> [Exercise directions]:
Which lines run from the one containing "Gambar 5. Proses Gol Pertama" through the end of the material? Transcribe them word for word, and only them.

> [Dataset extract]:
--- START ---
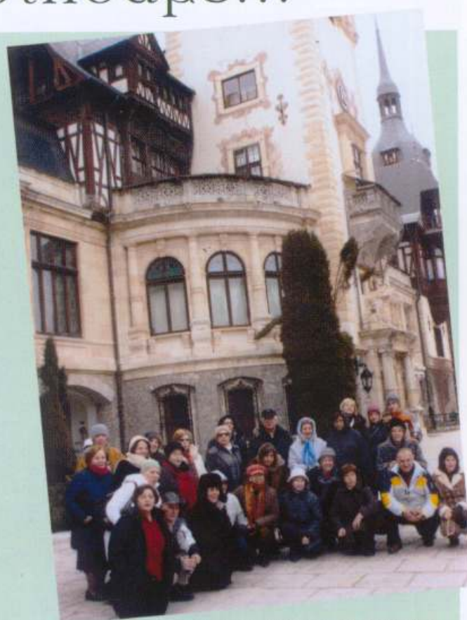
Ρουμανία - Πέλλες, 22-27/12/07
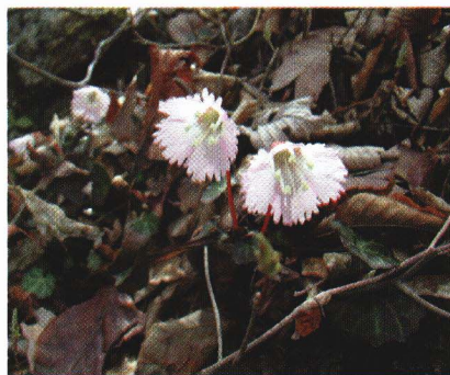
花塚山に咲く「イワウチワ」
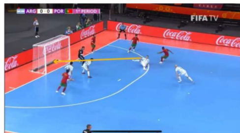
Gambar 5. Proses Gol Pertama

Kemudian masuklah pemain Argentina Santiago Basile setelah 2 menit waktu berjalan lalu pemain Portugal melakukan dribbling dengan melewati satu pemain dengan melakukan shooting keras yang mengarah ke kanan gawang dari kiper
--- END ---
> [Answer below]:
Gambar 5. Proses Gol Pertama

Kemudian masuklah pemain Argentina Santiago Basile setelah 2 menit waktu berjalan lalu pemain Portugal melakukan dribbling dengan melewati satu pemain dengan melakukan shooting keras yang mengarah ke kanan gawang dari kiper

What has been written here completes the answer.